ERIC Identifier: ED447147
Publication Date: 2000-09-00
Author: Russell, Michael
Source: ERIC Clearinghouse on
Assessment and Evaluation College Park MD.
Using Expected Growth Size Estimates To Summarize Test Score
Changes. ERIC/AE Digest.
An earlier digest described the shortcomings of three methods commonly used
to summarize changes in test scores (Russell, 2000). This article describes two
less commonly used approaches for examining change in test scores, namely
Standardized Growth Estimates and Effect Sizes. Aspects of these two approaches
are combined and applied to the Iowa Test of Basic Skills (ITBS) to demonstrate
the utility of using a third method, termed Expected Growth Size, to examine
change in test scores.
STANDARDIZED GROWTH ESTIMATES
Stenner, Hunter, Bland, &
Cooper describe a standardized growth expectation (SGE) as "the amount of growth
(expressed in standard deviation form) that a student must demonstrate over a
given treatment interval to maintain his/her relative standing in the norm
group" (1978,p. 1). To determine an SGE, Stenner et. al. proposed the following
Step 1. The scale score associated with the 50th percentile for a given grade
level or the pre-test is identified.
Step 2. The percentile rank for the following grade level or the post-test
associated with this scale score is found.

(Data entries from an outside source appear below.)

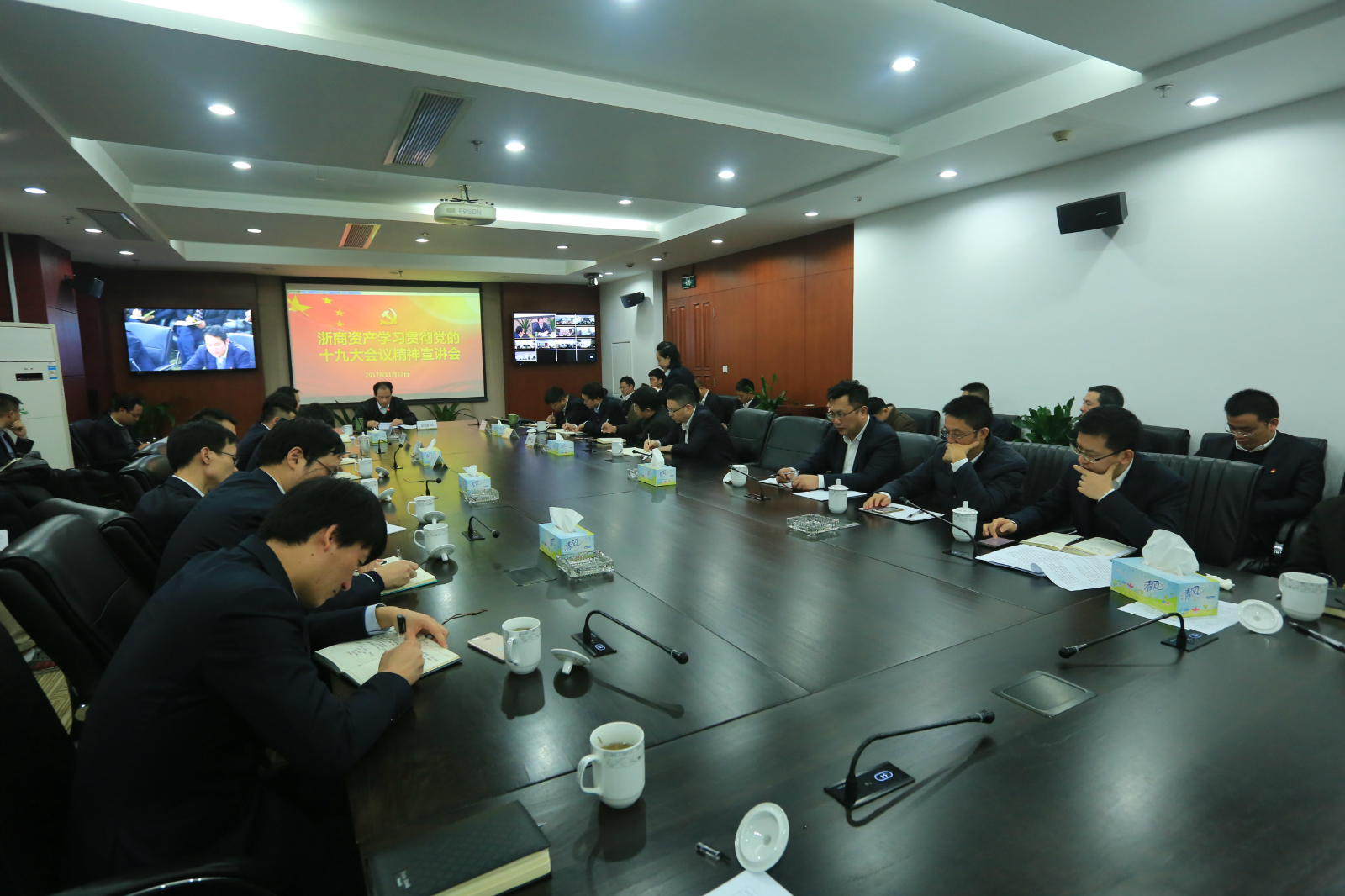 黨委副書記鄭順民表示,公司黨委將組織黨員認真學習貫徹十九大精神,按照孫建華書記宣講內(nèi)容和提出來的要求,切實抓好落實。他強調(diào)了四點意見:一是真學深學,堅持自學與集中學習相結(jié)合、專題討論和交流分享相結(jié)合、學習培訓和開展宣講相結(jié)合、領(lǐng)導帶頭學和黨員普遍學相結(jié)合,做到全面掌握、學深悟透;二是學做結(jié)合,把學習貫徹十九大精神與謀劃公司發(fā)展方向、制定公司發(fā)展措施結(jié)合起來,抓重點、補短板、強弱項,全力做好“國內(nèi)一流”“加速發(fā)展”兩篇文章,努力為全省經(jīng)濟社會發(fā)展貢獻浙商資產(chǎn)的智慧;三是從嚴治黨,圍繞抓基本、打基礎(chǔ),完善黨建工作制度,夯實基層基礎(chǔ),以更加科學、更加嚴密、更加有效的舉措,加強黨的領(lǐng)導;四是擴大宣傳,用好網(wǎng)上網(wǎng)下兩個平臺,發(fā)動黨支部書記帶頭講黨課,謀劃用好公司宣傳欄、微信公眾號、公司網(wǎng)站等宣傳陣地,最大限度凝聚共識。
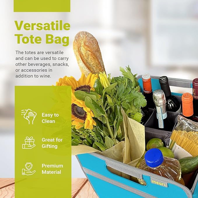- Repurpose It - These are not just bags to carry wine. meori’s folding carrier bag also doubles as a container for your grocery hauls or a storage bin for your cars. Its thoughtful design lets you bring your bottles or glasses to and from dinner parties or outings, too.
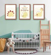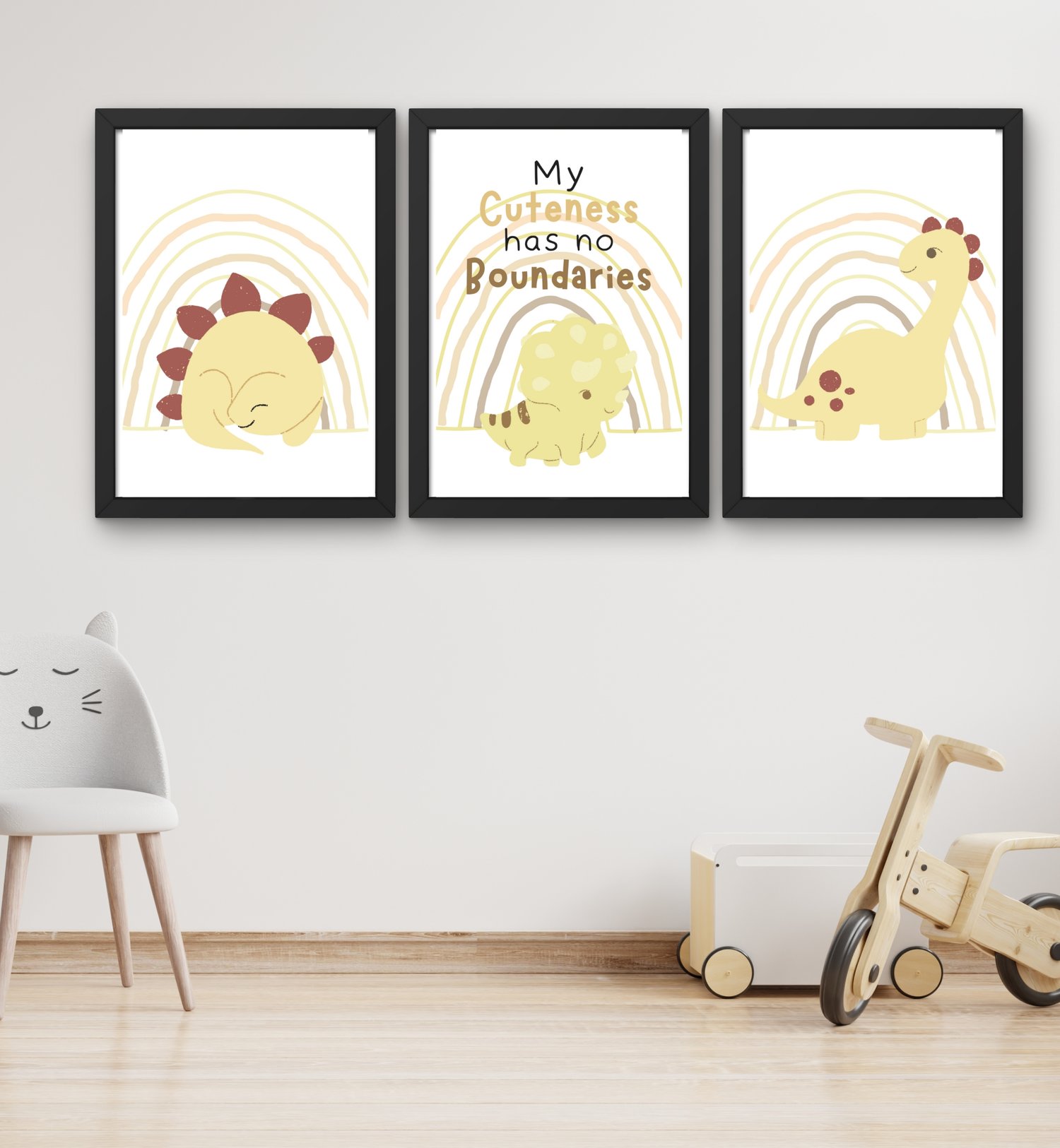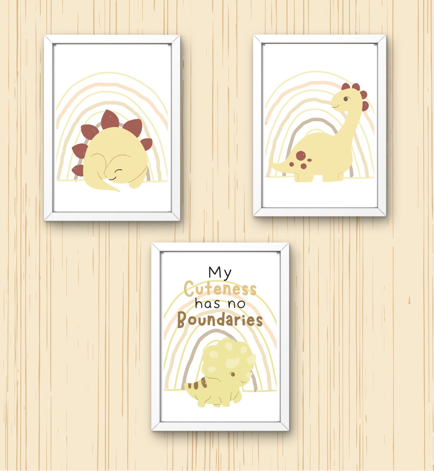 Transform your little one's room into a prehistoric paradise with this charming set of three wall prints featuring adorable dinosaurs. Perfect for a baby boy or toddler's room, the neutral color scheme of the prints ensures they will complement any nursery, bedroom, or playroom decor. These prints are not just cute but also educational, as they ignite your child's imagination and curiosity about the fascinating world of dinosaurs. Don't miss out on this opportunity to add a touch of fun and whimsy to your child's space!
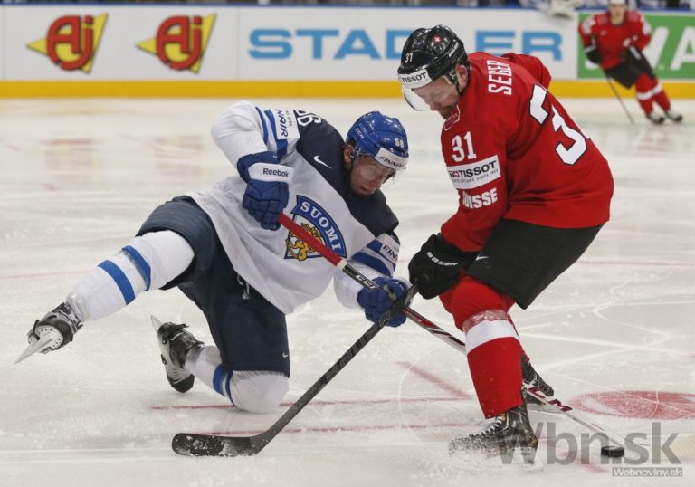 Fínsky útočník Erik Haula v súboji so švajčiarskym obrancom Mathiasom Segerom počas piatkového zápasu na MS v hokeji. Foto: SITA/AP
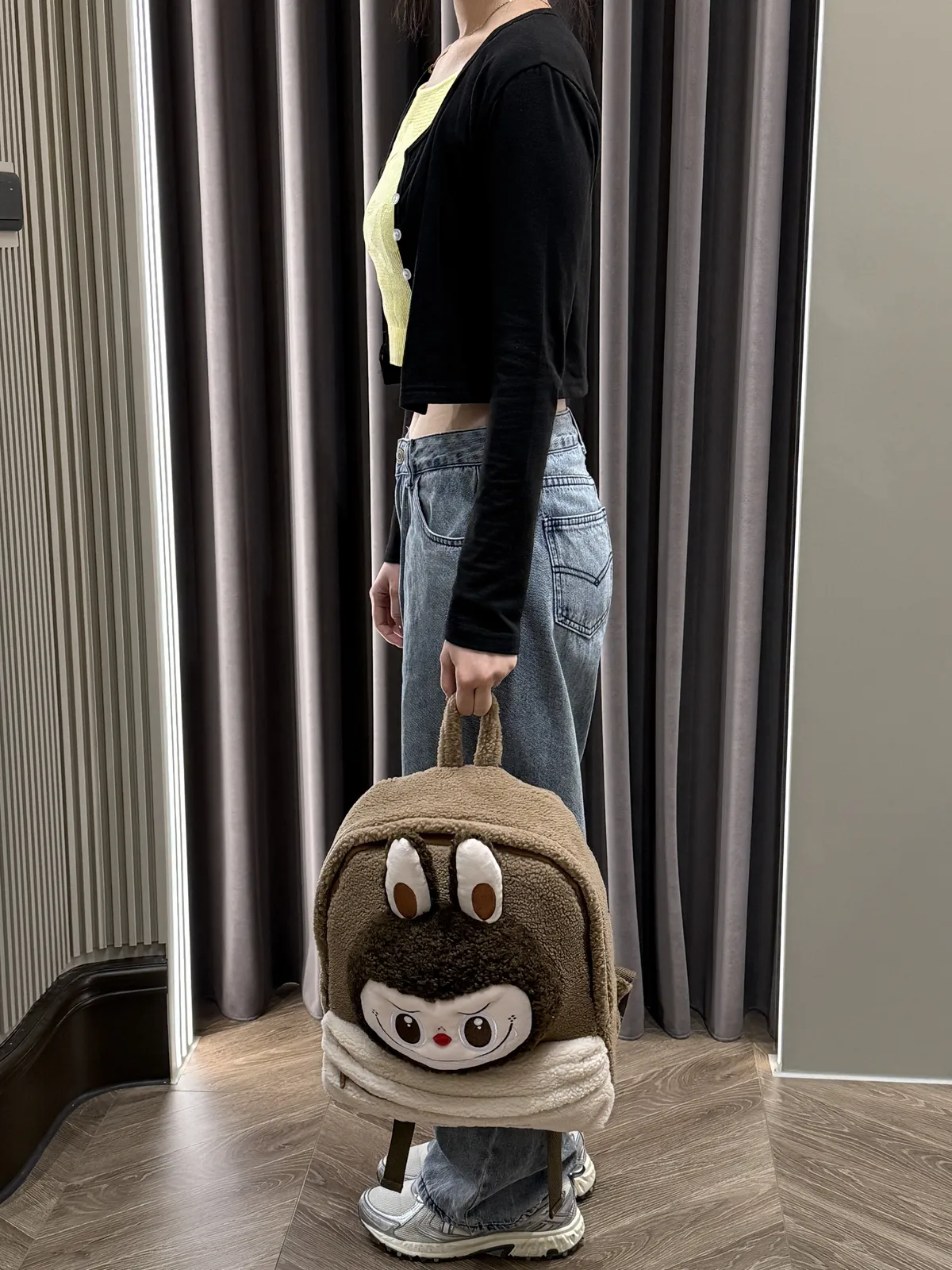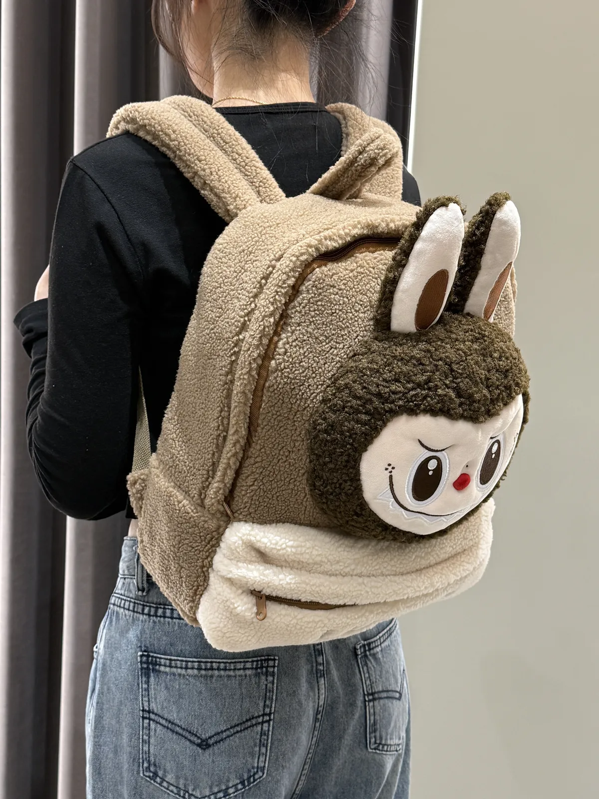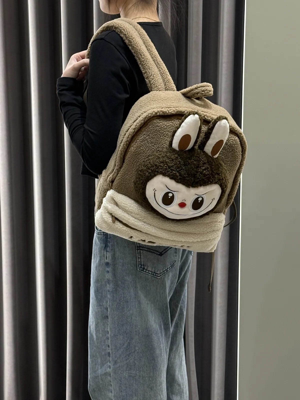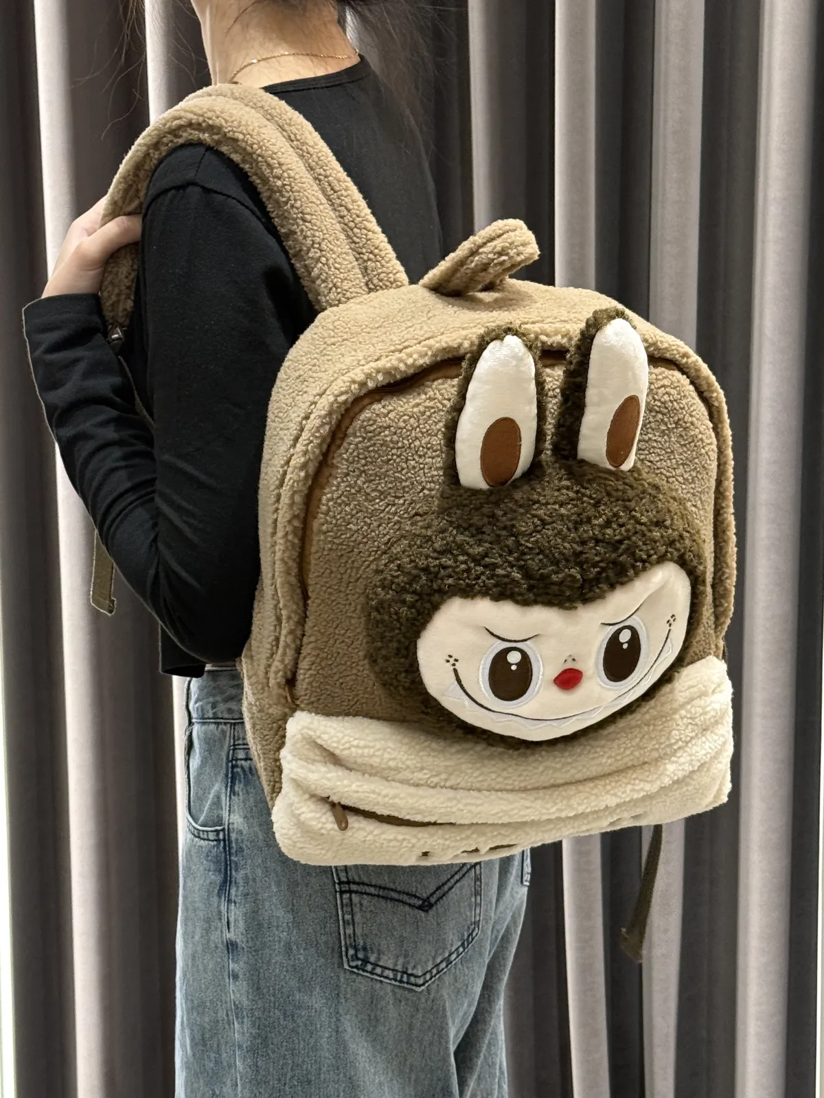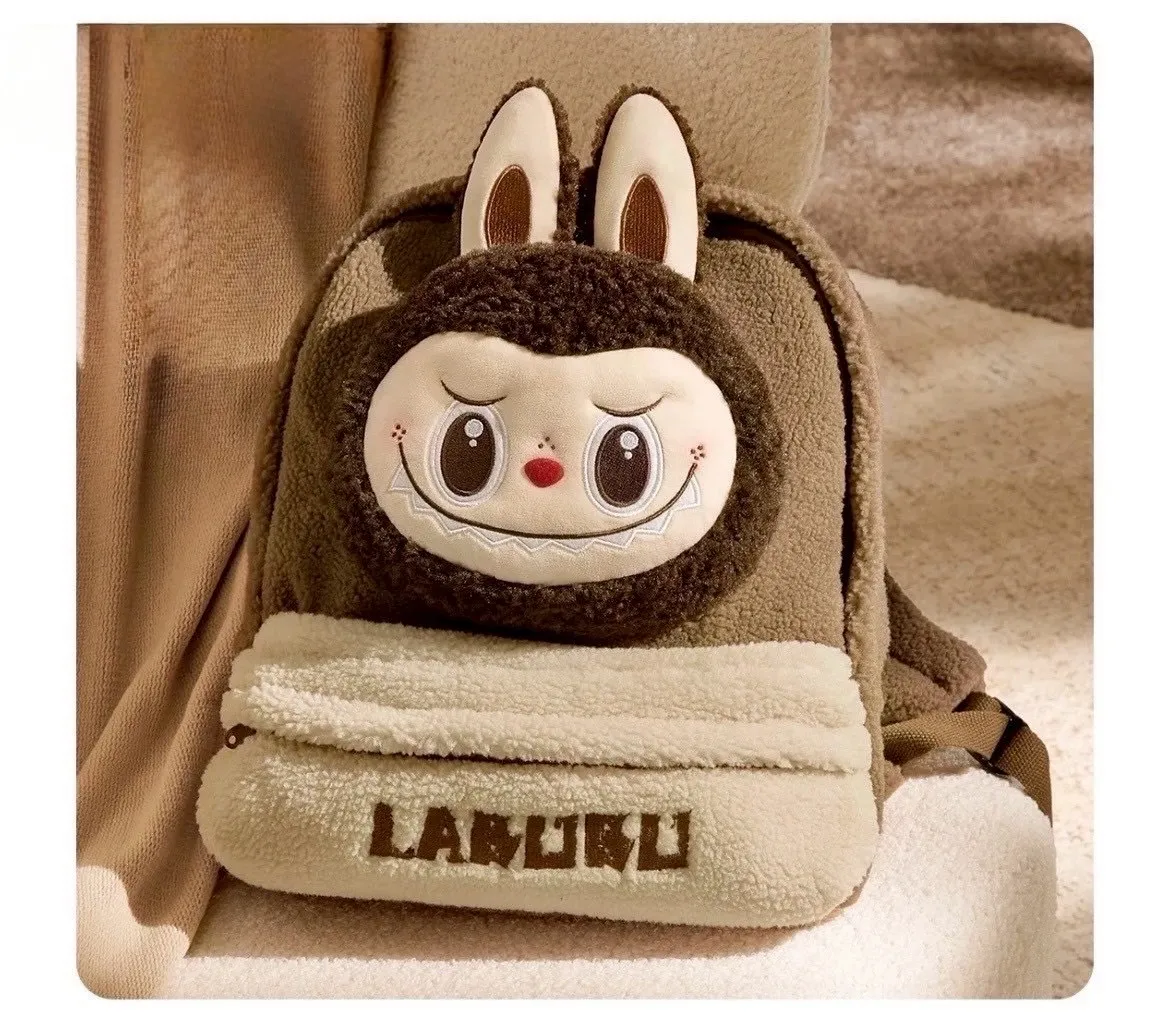 POPMART LABUBU 拉布布 棕色 羊羔絨雙肩後背包 (100%聚酯纖維)(30*
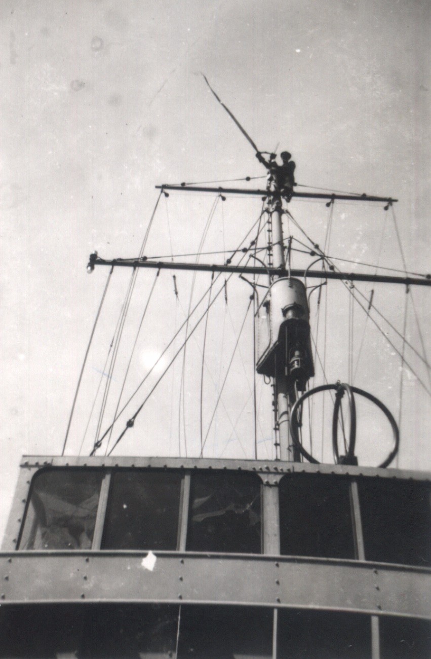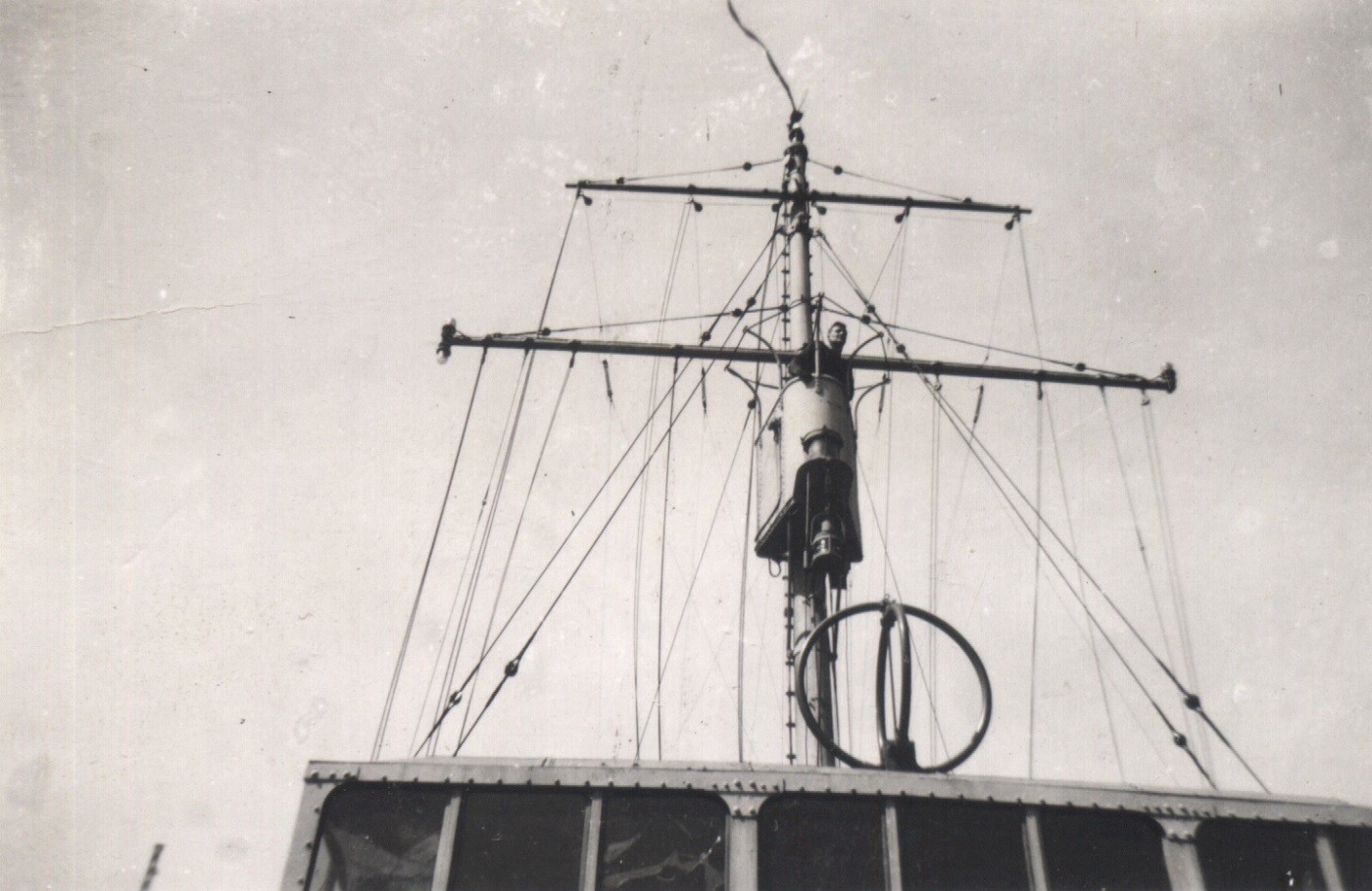 Unknown sailor in the crows nest on HMCS GANANOQUE
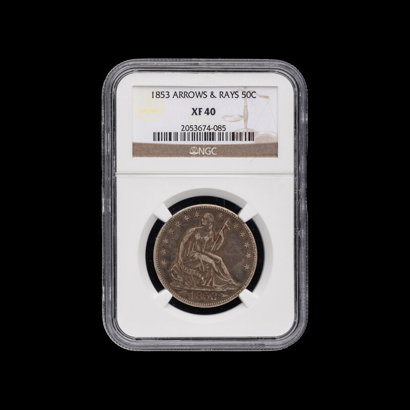 An 1853 Seated Liberty: Arrows and Rays 50c Coin [NGC XF40]
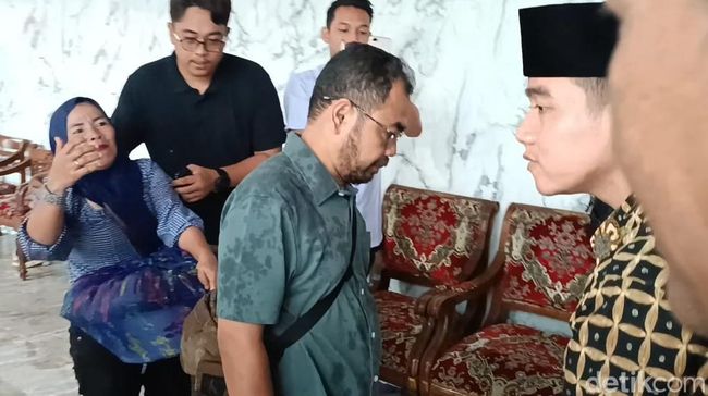 Ia tampak berlari dari mobilnya dengan menggunakan payung karena situasi sekitar dalam kondisi hujan deras. Gibran pun langsung menyalami beberapa ulama yang ada di lokasi.

Step 3. The difference between the 50th percentile and the post-test
percentile is calculated.
To determine this difference, a unit normal deviate table is used to convert
percentiles to z-scores and the z-score for the post-test is subtracted from the
z-score for the pre-test.
The difference between the pre-test and post-test z-scores is the SGE and
expresses "the amount of loss in relative standing that such a student would
suffer if he/she learned nothing during the time period" (Stenner, et. al.,
1977, p. 1).
As an example, to determine the SGE for grade 3, Table 1 indicates that the
scale score associated with the 50th percentile for grade 3 on the ITBS Language
sub-test is 174. The percentile rank for grade 4 that corresponds to a scale
score of 174 is 26. If a student received the same scale score in grades 3 and
4, their percentile rank would drop from 50 to 26. After both percentiles are
converted to z-scores and subtracted, the difference between the two z-scores
represents the SGE. In this case, the z-scores corresponding to percentile ranks
of 50 and 26 are 0 and -.64, respectively. Thus, the SGE is .64, which indicates
a relative loss of .64 standard deviations for a student who shows no change in
his/her test score.
When applying Stenner et. al.'s method for
calculating SGEs, Haney, Madaus and Lyons (1993, p. 231-32) point out that the
idea of a SGE is analogous to an effect size in that each represents the
difference in mean performance of two groups expressed in standard scores. As
Glass, McGaw and Smith (1981) describe, an effect size represents the difference
between two groups in standard deviations. To calculate an effect size, the
difference between the mean of the control group and the experimental group is
divided by the standard deviation of the control group. Conceptually, the only
difference between an effect size and an SGE is that an effect size is used to
compare the means of a "control" group and an "experimental" group while a SGE
compares the performance of groups of students at various grade levels.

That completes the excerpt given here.